Kirk Enterprises Macro Flash Bracket

Text and images copyright Thomas L Webster, 2005. All rights reserved.


My number one, cardinal rule for photomacrography is get that flash off the camera and get it close to your subject. To do so, you will need some sort of bracket to hold the flash. Kirk Enterprises makes an affordable macro flash bracket which I have been using for the last several months. Starting at $69.95, this bracket represents a real bargain. Or, does it? The bracket comes blister packed on printed cardboard with no instructions on use.

I cannot begin to tell you how frustrated I have become while attempting to use this macro flash bracket. The Kirk Enterprises web site shows the flash held in a high position over the camera lens but anybody who practices macro photography would recognize that this is not the optimal position for the flash. That flash has to be close to the lens and close to the subject. Therein lies the shortcomings of this bracket.

Kirk Enterprises Macro Flash Bracket

The flash bracket attaches to the camera either by a standard 1/4" x 20 screw screwed into the tripod socket on the camera base plate or the bracket can be attached to the camera using one of Kirk Enterprise's custom camera plates. The bracket has two tilt adjustments (as shown above, right) and a long, slotted arm to which the flash and remote flash cord are attached. One tilt movement tilts the long arm along the long axis of the camera lens and the second tilt movement tilts the long arm in a short arc along the axis of the camera body. At first glance, this seems like a highly adjustable system. But looks can be, and are, deceiving.


Here is a view of the bracket from the left side of the camera. A Canon Off Shoe Camera Cord 2 is used to connect the flash with the camera. The two joints in the flash arm can only move the flash closer to the end of the lens. The joints do not allow the angle of the flash to be changed.

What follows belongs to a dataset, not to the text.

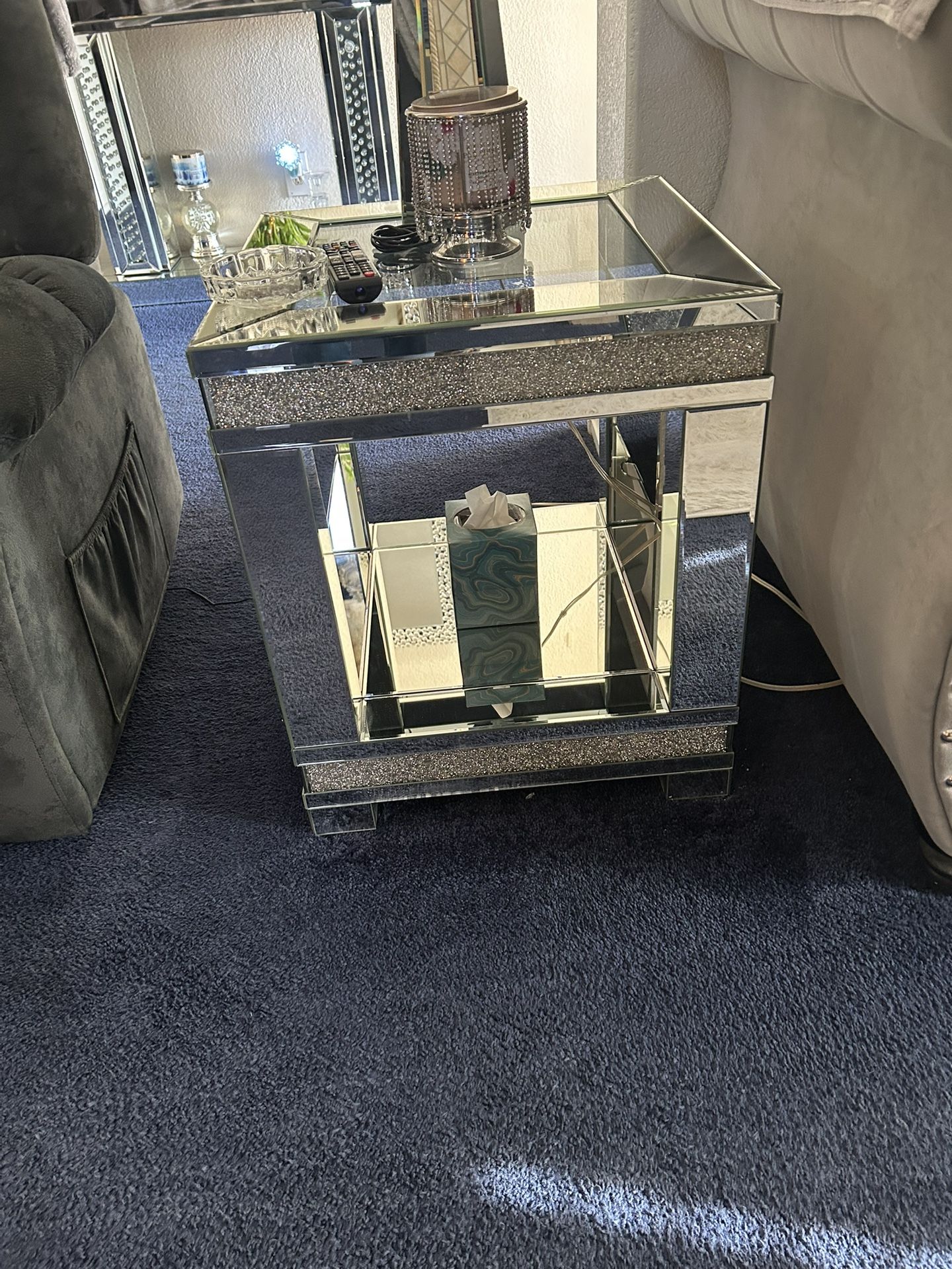 Items are in excellent condition despite the couple of cracks which can be easily fixed if you have the time just to buy small mirror panels to replace the panel that's cracked… The picture showed the cracks No delivery. Tables and lamps were $1000 alone and the buffet was 500 so asking good price but will take best offer

This system of tilts turns out not to be highly adjustable and this is where my frustration with this bracket begins. Not only do I expect a flash bracket to be able to position the flash close to my subject but I expect that bracket to be able to allow me to position the flash so that I can point the flash at my subject from any angle. It is very difficult to get any other angle other than "straight on" with this flash bracket. A little futzing and you can get a bit of overhead lighting from the right side of the lens (as viewed from the position of the photographer). The limited adjustments pretty much guarantee that glare will become a real issue in the photographs. What if you want to turn the camera for a vertical image? Forget it. As you can see this would yield only side-lighting for a vertical subject.


I don't know if this was intended by Kirk Enterprises but you can adjust the jointed arms such that the bracket can be used effectively to move the flash far enough off-camera to avoid red eye if you are shooting images of people. I wouldn't buy this bracket based on this feature alone but it is handy to have. This keeps me from having to purchase two flash brackets for two different purposes.

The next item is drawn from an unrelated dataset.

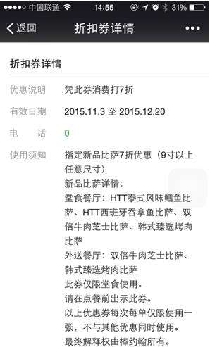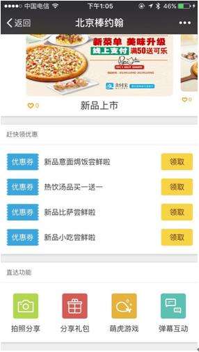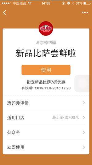 据介绍,此次棒约翰接入鲜老虎适逢菜品出新,因此棒约翰在卡券制作上主推新品折扣券,西班牙那吞鱼比萨,泰式风味鳕鱼比萨等新品比萨都可以享受到独有的折扣,再加上鲜老虎的分享礼包给好友功能,瞬间将棒约翰的新品折扣卡券发满朋友圈。
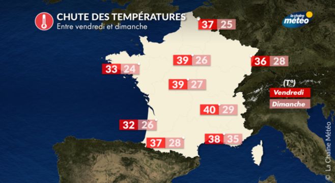 Dimanche, la baisse des températures gagnera quasiment tout le pays et l'on retrouvera des valeurs de saison. Les très fortes chaleurs ne concerneront plus que l'extrême sud-est.

What if I want to change the angle of illumination from the left side of my subject to the right side of my subject? With this bracket you can pretty much forget about doing that. I suppose you could slide the bracket far enough to the left on the camera to bring the flash more to the right of the lens but there isn't much adjustment to accomplish this. This would also hang the bracket far to the left making it awkward to handle. The only other alternative would be to swing everything over to the right side of the camera. This is not an easy task and would place the bracket in the way of the camera's grip. In short, this bracket is a pain in the a$$ to use as it comes from the factory.

Is there anything that can be done to make this bracket more user-friendly. Indeed there is! Giotto to the rescue! Giotto manufactures a tiny ball head, the MH 1004. This tiny ball head locks tightly and is just the ticket to position a flash at any angle that is needed. Attached between the flash arm of the Kirk flash bracket and your electronic flash vastly increases the versatility lacking in the flash bracket alone.


Finally! The addition of the small ball head gives the flash bracket the flexibility needed for lighting macro subjects. Also, adding the small ball head now allows the photographer to properly light vertical compositions.

Other criticisms I have of the Kirk Enterprises Macro Flash Bracket include the locking knobs being too small. With the weight of a flash hanging at the end of the flash arm you have to clamp down on the locking knobs pretty hard. The difficulty comes in loosening the lock knobs to place the flash in a different position. The knobs are too hard to grip to loosen. A better design would incorporate tri-lobed knobs such as the knob that attaches the camera to the bracket. Tri-lobed knobs would provide more torque for locking down and loosening the lock knobs.

Would I recommend this bracket for other macrophotographers? That would be a big, emphatic...NO!...not unless you purchase the Giotto MH 1004 ball head to go with the bracket. Purchase the ball head to go with the bracket and my answer would be...Yes!

Disclaimer: These are only my opinions and must not be confused with product evaluations written from carefully controlled tests. My reviews are "real world" reviews based on my experiences using these specific pieces of equipment utilized for my type photography and the manner in which I work. Other photographers may offer differing and valid opinions of the same equipment.